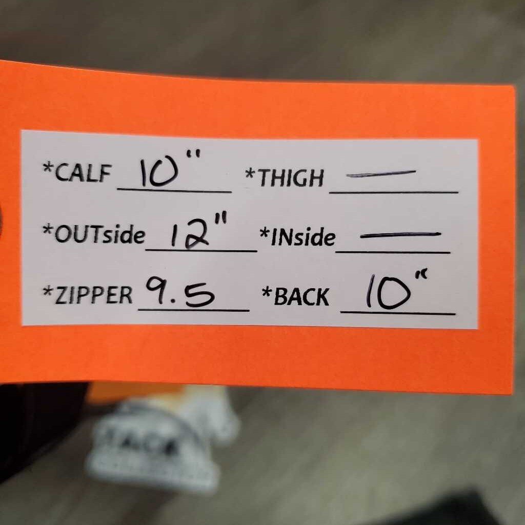 Calf: 10", Outside: 12", Zipper: 9.5", Back: 10" Stylish kids’ half chap combines fancy detailing with the durability of synthetic fabric to accommodate everyday lessons as well as classes at a schooling show. Crafted with breathable and easy-to-clean polyurethane and complete with a wide elastic panel for a closer fit.
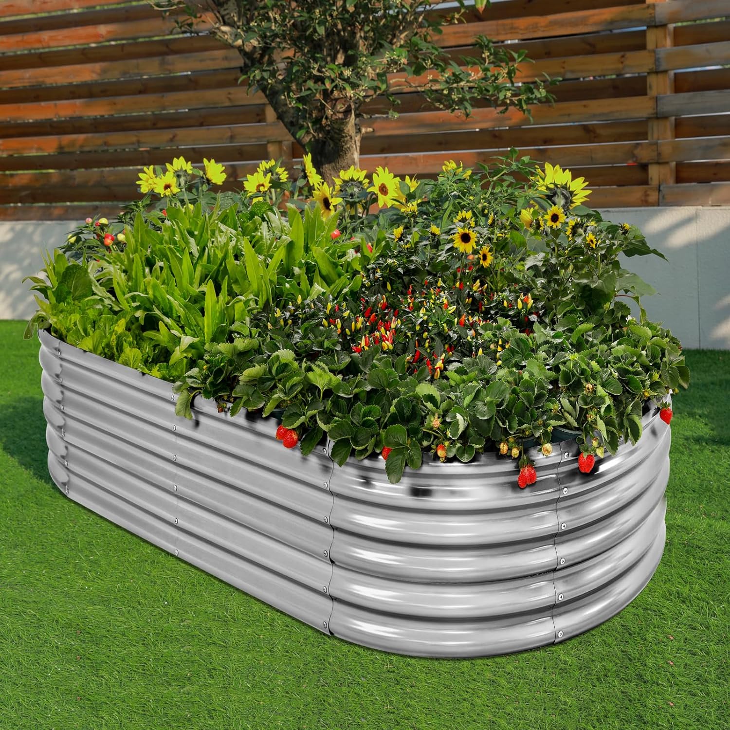 Land Guard 4×2×1.5ft Galvanized Raised Garden Bed Kit, Galvanized Planter Garden Boxes Outdoor, Oval Large Metal Raised Garden Bed for Vegetables……… (Classic Silver
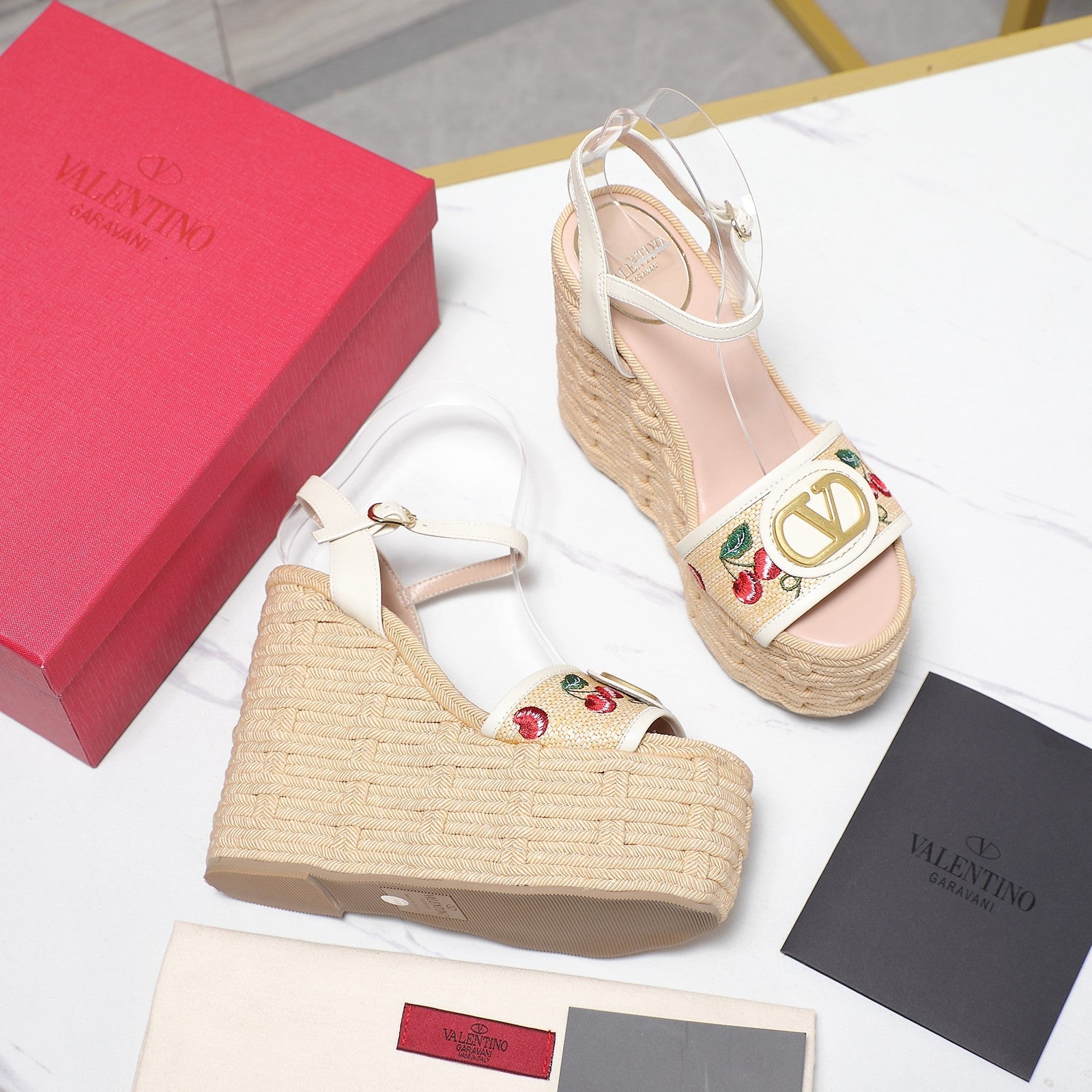 VL Flatform Sandal 15mm In White Cherry Embroidery Cowhide 456391
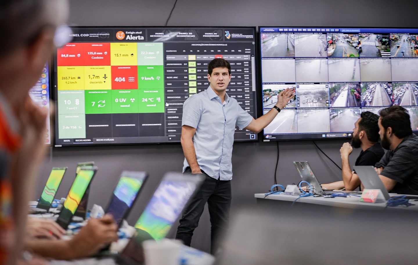 O prefeito João Campos comandou, na manhã desta quarta-feira (5), uma reunião na sala de monitoramento do Centro de Operações do Recife (COP) para coordenar as ações emergenciais diante do agravamento das chuvas na capital. A cidade se encontra em estágio de alerta máximo – quando condições meteorológicas extremas representam risco máximo à população e exigem a formação de uma ampla força-tarefa para o restabelecimento da normalidade – desde às 10h20. A orientação da Prefeitura é que a população evite deslocamento.
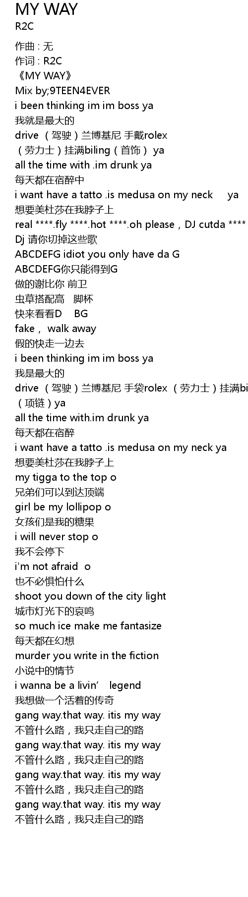 | 作词 : R2C | |
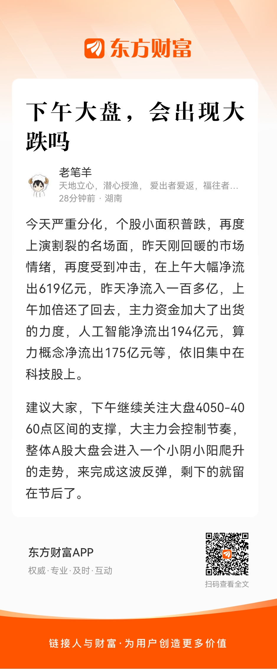 建议大家,下午继续关注大盘4050-4060点区间的支撑,大主力会控制节奏,整体A股大盘会进入一个小阴小阳爬升的走势,来完成这波反弹,剩下的就留在节后了。
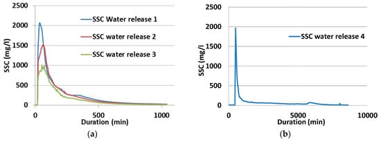 SSC was closely monitored to meet regulatory requirements and to evaluate the success of the releases with respect to the export of fine sediments. The SSC peaks coincided with the flood waves and their peak values decreased for each successive release, despite their increasing intensity. Similar decreases in SSC have already been observed in other rivers following successive releases which have the same peak discharge value [36,62,63].
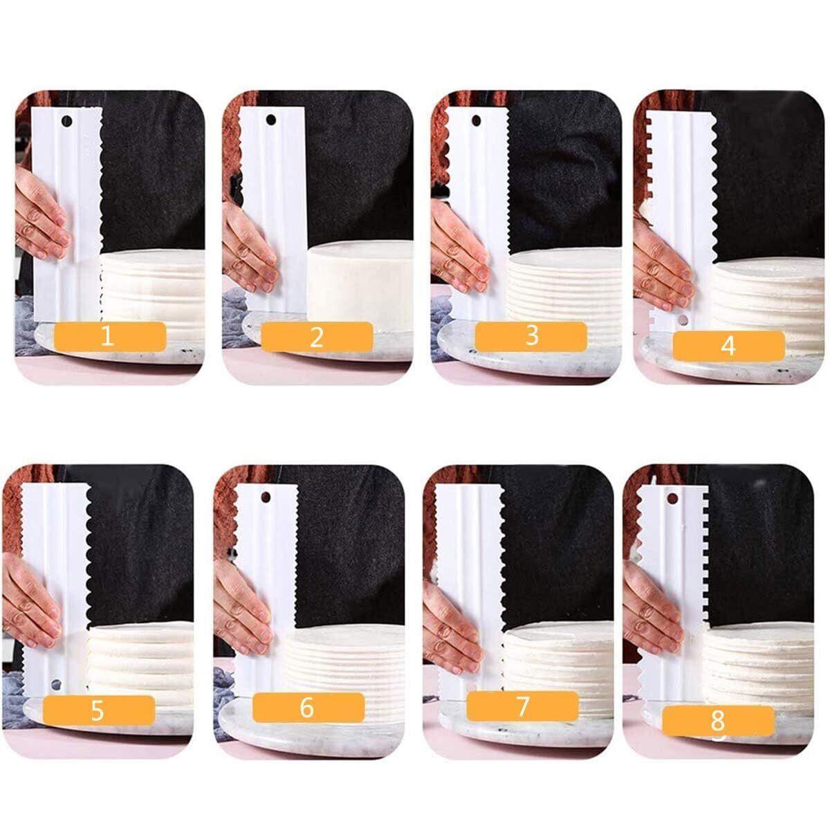 ケーキスクレーパー 4本セット プラスチック デコレーションコーム ケーキスクレーパースムースセット ケーキの端装飾ツール ケーキデコレーションベーキングツール バタークリームケーキエッジの装飾ツール 装飾 DIY製菓道具 パティシエール ギザギザ 鋸歯状 | BASE SHOP
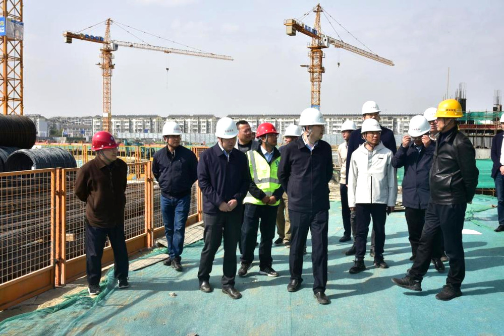 在天璟融園項目現場,趙慶紅聽取了項目部關于施工進展情況匯報,對深基坑及高支模的施工質量及安全措施進行了詳細檢查,詢問了鋼筋等材料的檢測情況。他指出,本項目正進行正負零以下施工,要高度重視安全生產工作,尤其是高支模、深基坑等重點部位和環節的施工。
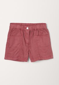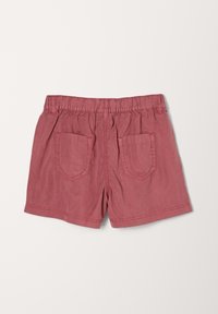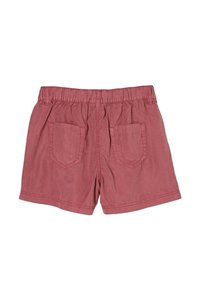 Shorts rouges délavés pour enfants avec taille élastique, fermeture devant à boutons et deux poches plaquées avant, présentés à plat sur un fond blanc.
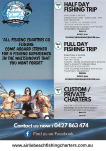 AIRLIE BEACH Fishing Charters Welcome to Airlie Beach Fishing Charters We are based in Airlie Beach the hub for the beautiful whitsunday Islands. These Islands lie between the North East coast of Queensland and the Great Barrier Reef. The Whitsunday Islands consist of 74 Islands, amongst others are the famous Hamilton Island,Daydream and Hayman Islands to name a few. Come aboard Airlie Beach Fishi ...
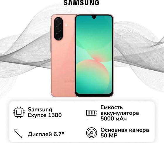 Samsung Galaxy A26 6/128Gb в элегантном оттенке Peach Pink — это не просто смартфон, а стильный и мощный инструмент для решения повседневных задач. Каждый элемент этого устройства подчеркивает его современность и инновационность. В основе аппарата лежит восьмиядерный процессор Samsung Exynos 1380, который обеспечивает высокую производительность и плавную работу даже при запуске ресурсоемких приложений и игр. С 6 Гб оперативной п...
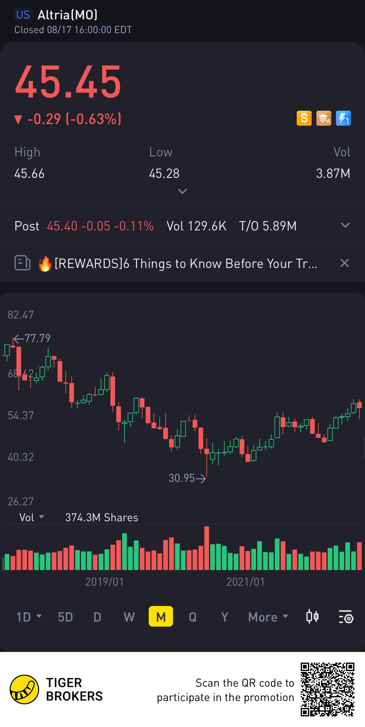 $Altria(MO)$Is altria a good investment? My pov would be that dividend payout is consistent and increasing. Financials looks alright. Although inflation is high ny inelastic demand for the product would allow altria to be in the game much longer. What are your thoughts?
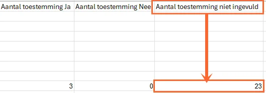 - Kijk naar de kolom ‘Aantal toestemming niet ingevuld’. Als hier een getal hoger dan 0 staat is er sprake van missende data omdat deze behandelepisodes NIET in de export zijn meegegaan. In onderstaand voorbeeld zijn er 23 toestemmingen niet ingevuld.

____

■ **TASK TO COMPLETE**
In the records above, find the line containing "ケーキスクレーパー 4本セット プラスチック" and the line containing "Samsung Galaxy A26", then give both of them again word for word along with every line between. Omit any pictures.

■ **OUTPUT OF THE EXERCISE**
 ケーキスクレーパー 4本セット プラスチック デコレーションコーム ケーキスクレーパースムースセット ケーキの端装飾ツール ケーキデコレーションベーキングツール バタークリームケーキエッジの装飾ツール 装飾 DIY製菓道具 パティシエール ギザギザ 鋸歯状 | BASE SHOP
 在天璟融園項目現場,趙慶紅聽取了項目部關于施工進展情況匯報,對深基坑及高支模的施工質量及安全措施進行了詳細檢查,詢問了鋼筋等材料的檢測情況。他指出,本項目正進行正負零以下施工,要高度重視安全生產工作,尤其是高支模、深基坑等重點部位和環節的施工。
 Shorts rouges délavés pour enfants avec taille élastique, fermeture devant à boutons et deux poches plaquées avant, présentés à plat sur un fond blanc.
 AIRLIE BEACH Fishing Charters Welcome to Airlie Beach Fishing Charters We are based in Airlie Beach the hub for the beautiful whitsunday Islands. These Islands lie between the North East coast of Queensland and the Great Barrier Reef. The Whitsunday Islands consist of 74 Islands, amongst others are the famous Hamilton Island,Daydream and Hayman Islands to name a few. Come aboard Airlie Beach Fishi ...
 Samsung Galaxy A26 6/128Gb в элегантном оттенке Peach Pink — это не просто смартфон, а стильный и мощный инструмент для решения повседневных задач. Каждый элемент этого устройства подчеркивает его современность и инновационность. В основе аппарата лежит восьмиядерный процессор Samsung Exynos 1380, который обеспечивает высокую производительность и плавную работу даже при запуске ресурсоемких приложений и игр. С 6 Гб оперативной п...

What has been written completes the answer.